━━━━━ Data shown ━━━━━

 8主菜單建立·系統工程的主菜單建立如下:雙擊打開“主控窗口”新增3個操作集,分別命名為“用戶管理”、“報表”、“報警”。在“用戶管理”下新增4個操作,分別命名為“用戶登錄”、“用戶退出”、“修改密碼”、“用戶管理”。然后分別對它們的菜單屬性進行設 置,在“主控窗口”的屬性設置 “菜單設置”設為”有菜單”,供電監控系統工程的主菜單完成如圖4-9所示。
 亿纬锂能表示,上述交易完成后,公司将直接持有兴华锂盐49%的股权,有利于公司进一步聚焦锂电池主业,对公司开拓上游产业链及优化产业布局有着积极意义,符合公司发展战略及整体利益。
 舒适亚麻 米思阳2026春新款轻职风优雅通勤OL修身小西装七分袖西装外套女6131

━━━━━
━━━━━ Data shown ━━━━━

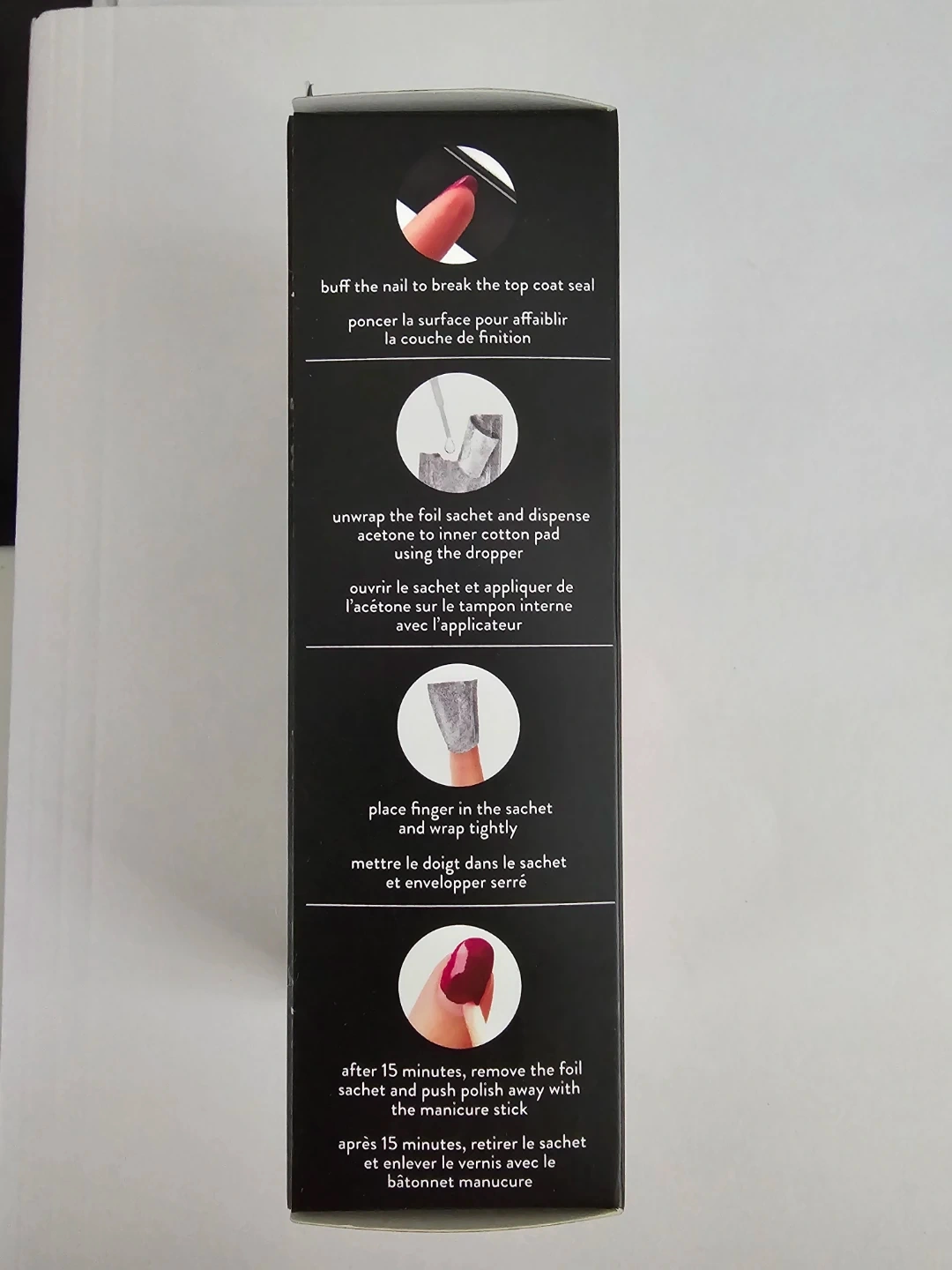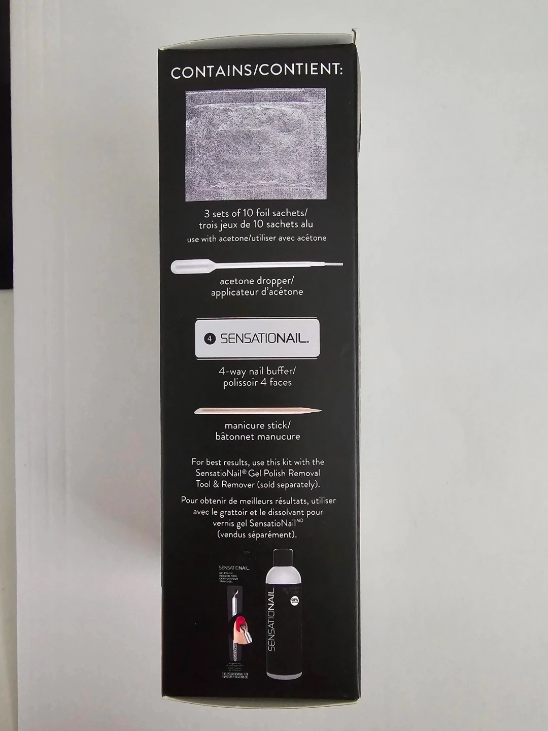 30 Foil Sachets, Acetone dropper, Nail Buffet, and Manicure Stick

━━━━━

* Try it
All lines in the data above from the one with "亿纬锂能表示,上述交易完成后" through the one with "舒适亚麻 米思阳2026春新" must be repeated exactly, and no others.

* Result below
 亿纬锂能表示,上述交易完成后,公司将直接持有兴华锂盐49%的股权,有利于公司进一步聚焦锂电池主业,对公司开拓上游产业链及优化产业布局有着积极意义,符合公司发展战略及整体利益。
 舒适亚麻 米思阳2026春新款轻职风优雅通勤OL修身小西装七分袖西装外套女6131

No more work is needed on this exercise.